How many times does this pattern occur in the data?


Mapping




Introductioun:
  1. Each Map task outputs data in the form of Key/Value pair.
    1. mapreduce.tasktracker.map.tasks.maximum: 8
      1. The maximum number of map tasks that will be run simultaneously by a task tracker
    2. mapreduce.map.memory.mb: 128
      1. The amount of memory to request from the scheduler for each map task.
  2. The output is stored in a Ring Buffer rather than being written directly to the disk.
  3. When the Ring Buffer reaches 80% capacity, the content is "spilled" to disk.
    1. This process will create multiple files on the datanode (shuffle spill files).
    2. mapreduce.map.sort.spill.percent: 0.80
      1. The soft limit in the serialization buffer. Once reached, a thread will begin to spill the contents to disk in the background. Note that collection will not block if this threshold is exceeded while a spill is already in progress, so spills may be larger than this threshold when it is set to less than .5
  4. Hadoop will merge all the spill files on a given datanode into a single file
    1. This single file is both sorted and partitioned based on number of reducers.
    2. mapreduce.task.io.sort.mb: 512
      1. The total amount of buffer memory to use while sorting files, in megabytes. By default, gives each merge stream 1MB, which should minimize seeks.
    3. mapreduce.task.io.sort.factor: 64
      1. The number of streams to merge at once while sorting files. This determines the number of open file handles.
    4. mapreduce.reduce.shuffle.input.buffer.percent: 0.70
      1. The percentage of memory to be allocated from the maximum heap size to storing map outputs during the shuffle.
    5. mapreduce.reduce.input.buffer.percent: 0.70
      1. The percentage of memory- relative to the maximum heap size- to retain map outputs during the reduce. When the shuffle is concluded, any remaining map outputs in memory must consume less than this threshold before the reduce can begin.
    6. mapreduce.reduce.shuffle.parallelcopies: 128
      1. The default number of parallel transfers run by reduce during the copy(shuffle) phase.
    7. mapreduce.reduce.memory.mb: 1024
      1. The amount of memory to request from the scheduler for each reduce task.
    8. mapreduce.reduce.shuffle.merge.percent: 0.66
      1. The usage threshold at which an in-memory merge will be initiated, expressed as a percentage of the total memory allocated to storing in-memory map outputs, as defined by mapreduce.reduce.shuffle.input.buffer.percent.



Ring Buffer


The Ring Buffer (aka Circular Buffer) is a key concept in the MapReduce ecosystem.

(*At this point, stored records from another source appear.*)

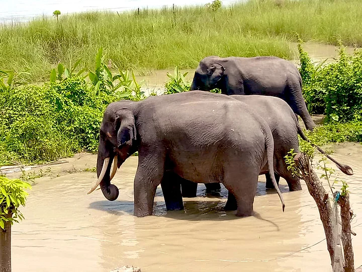 Several animals – elephants, deer, tigers, rhinos – were spotted trying to escape the flood. Many elephants, rhinos and deer were spotted at the national highway near the Kaziranga National Park, trying to escape to higher lands.
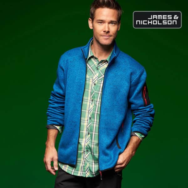 Pile uomo Amesbury. JAMES & NICHOLSON. Tasche laterali con zip e una su manica sinistra con zip, orlo a contrasto su maniche e polsini. 100% poliestere esterno, morbido pile interno, 280 gr.
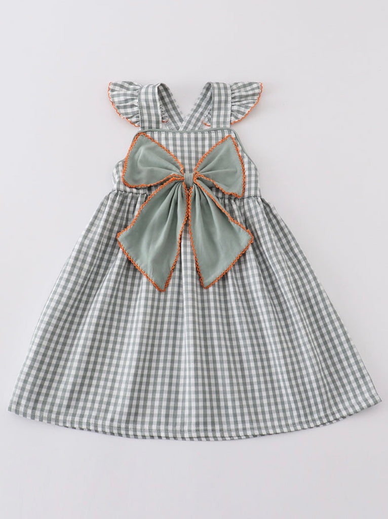 Green woven bow dress
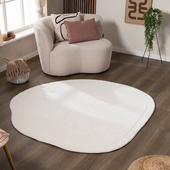 Bringen Sie einen Hauch von Ruhe und Verspieltheit in Ihr Interieur mit dem Teppich Organisch - Halo Stone Creme. Dank seiner organischen Form und der einzigartigen Ausschnittkante strahlt dieser Teppich eine besondere Eleganz aus. Der Niederflorteppich aus 100 % Polyester fühlt sich wunderbar weich an und ist mit seiner Florhöhe von 8 mm ideal für den täglichen Gebrauch. Außerdem ist dieser waschbare Teppich leicht sauber zu halten; Sie können Halo bei 30 Grad in der Waschmaschine waschen. Der organische Teppich Halo bringt, wie der Name schon sagt, einen weichen, fast himmlischen Look in jeden Raum. Perfekt für einen natürlichen und frischen Look!

We have two major challenges in any map/reduce program:

  1. We are dealing with a massive amount of data
    1. If this isn't true, we don't need to use map/reduce
  2. The result of the map tasks can not be constantly written to disk
    1. This would be too slow
  3. Nor can it be stored entirely within memory
    1. Most systems would not have a sufficient amount of memory

We have to use a combination of disks/memory efficiently.

The circular buffer is fast. Writing to memory is much faster than doing an I/O to disk. Flushing the data is only performed when needed.

Continuous logging can fill up space on the systems, causing other programs to also run out of space and fail. In such cases, either logs have to be manually removed or a log rotation policy has to be implemented.



References

  1. Hadoop Internals
    1. One of the best all-in-one overviews of Hadoop Architecture I have read.
    2. The documentation appears to be to date with YARN and other ecosystem improvements.
  2. Advantages of a Ring Buffer
    1. Map Tasks write to ring (aka Circular) buffers while executing
    2. This article is unrelated to Hadoop, but a knowlege of how this buffer works will aid in understanding mapred-site.xml configuration parameters
      1. Property: mapreduce.map.sort.spill.percent
      2. DescriptionThe soft limit in the serialization buffer. Once reached, a thread will begin to spill the contents to disk in the background. Note that collection will not block if this threshold is exceeded while a spill is already in progress, so spills may be larger than this threshold when it is set to less than .5
      3. Default Value: 0.80
  3. [Quora] Apache Spark vs Hadoop
    1. A good discussion of both the map-side and reduce-side differences.  
    2. Helpful for an understanding of Hadoop's design independent of Spark.